Note that we focus on comparing SAEs trained on different datasets, but from the same model (Qwen1.5 0.5B Chat). It’s important not to confuse this with our prior work, SAEs (usually) transfer between base and chat models [LW · GW], which compared SAEs trained on the activations from different (base vs chat) models, but the same dataset.
To get a sense of SAE quality, we first apply standard evals to both SAEs. We measure the following metrics:
- L0: the average number of latents firing per input activation, to evaluate sparsity
- Explained variance: MSE loss relative to predicting the mean activation of the batch, to measure reconstruction quality.
- CE recovered: An additional measure of reconstruction fidelity. Here we show both the raw CE delta (loss with SAE spliced - clean loss), as well as the % of cross entropy loss recovered relative to a zero ablation baseline.
See the Gated SAEs paper for a full discussion of these definitions.
All eval metrics are averaged over 20 random examples of length 2048. First, we evaluate both SAEs on LmSys data:
SAE Training dataset | Eval Dataset | L0 | CE Loss rec % | CE Delta | Explained Variance % |
LmSys | LmSys | 57 | 96.18% | 0.390 | 81.16% |
Pile | LmSys | 75 | 95.07% | 0.502 | 75.42% |
Similarly, we evaluate both SAEs on the Pile data (with instruction formatting):
SAE Training dataset | Eval Dataset | L0 | CE Loss rec % | CE Delta | Explained Variance % |
LmSys | Pile | 71 | 93.66% | 0.616 | 74.15% |
Pile | Pile | 63 | 97.11% | 0.280 | 80.81% |
Unsurprisingly, the SAEs perform better on the data that they were trained on. However, these metrics are coarse grained, and we ultimately want to use SAEs as a tool for understanding and steering models on specific downstream tasks that we care about. In the following sections we design custom evals to compare the ability of both SAEs to sparsely reconstruct the “refusal direction” (Arditi et al.).
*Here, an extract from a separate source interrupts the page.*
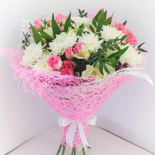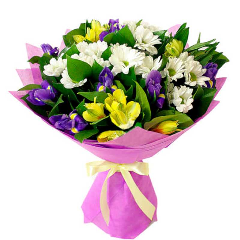 Для составления круглого букета требуется много бутонов. Подойдут астры, тюльпаны, гвоздики, ирисы, мелкие розы, полевые и садовые цветы.

Evaluating chat SAEs on the refusal direction reconstruction task
In this section, we design custom evals to investigate the usefulness of each SAE in finding sparse, faithful, and interpretable reconstructions of the “refusal direction”. Concretely, we evaluate each SAE across three axes:
- Faithful reconstruction: How faithful is the reconstruction of the “refusal direction”?
- Sparse Interpretable latents: For a given level of reconstruction quality, how sparse and interpretable is the reconstruction?
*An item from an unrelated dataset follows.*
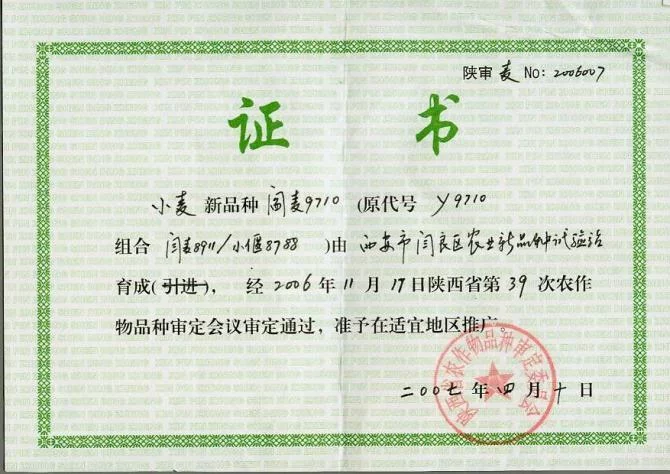 ●2007年4月10日小麦新品种-阎麦9710由西安市阎良区农业站品种试验站育成,经2006年11月17日陕西省第39次农作物品种审定会议审定通过,准予在适宜地区推广。

- Latent steering effectiveness: How useful is the most refusal aligned latent for steering the model to bypass refusals?
We find that the LmSys (chat-data specific) SAE clearly outperforms the pile SAE on all of these metrics.
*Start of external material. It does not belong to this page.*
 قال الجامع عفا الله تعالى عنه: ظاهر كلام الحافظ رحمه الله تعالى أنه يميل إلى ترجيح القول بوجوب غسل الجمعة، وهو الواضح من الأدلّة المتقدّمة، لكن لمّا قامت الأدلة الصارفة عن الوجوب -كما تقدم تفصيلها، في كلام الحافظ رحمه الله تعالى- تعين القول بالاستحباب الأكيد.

Chat data SAEs find more faithful refusal direction reconstructions
We first compare the ability of both SAEs to find a faithful reconstruction of the “refusal direction” (Arditi et al.). The “refusal direction” is computed by taking the mean difference in residual stream activations (at the same layer that the SAEs were trained on) on the last sequence position for pairs of harmful and harmless instructions. For each SAE, we compute the “reconstructed refusal direction” by first reconstructing the harmful and harmless activations with the SAEs, then taking the mean difference of these reconstructed activations. In pseudocode:
recons_harmful_acts = sae(harmful_acts) # [n_instructions, d_model]
recons_harmless_acts = sae(harmless_acts) # [n_instructions, d_model]
recons_refusal_dir = recons_harmful_acts.mean(0) - recons_harmless_acts.mean(0) # [d_model]
We use 64 contrast pairs in this work.
We first measure the cosine similarity between the “true refusal direction” and “reconstructed refusal direction” from both SAEs.
We find that the “reconstructed refusal direction” from the SAE trained on LmSys has significantly higher cosine similarity to the true refusal direction than the SAE trained on the Pile. While this eval doesn’t account for sparsity, recall that on LmSys data, the LmSys SAE actually has an even lower average L0 (57) compared to the pile SAE (75).
In the appendix, we show that even just training an SAE on the LmSys instructions (no rollouts) beats the pile SAE in this eval (and many other evals in this post). This is notable, since the instruction-only dataset is just 100M tokens.
As a further measure of reconstruction fidelity for the refusal direction, we measure the relative MSE between the true and reconstructed refusal direction for both SAEs
This eval somewhat improves on the cosine sim eval in that it also accounts for similarity in the norm between the true and reconstructed refusal directions.
Once again, we find that the LmSys SAE finds a much more faithful reconstruction of the refusal direction judged by relative MSE.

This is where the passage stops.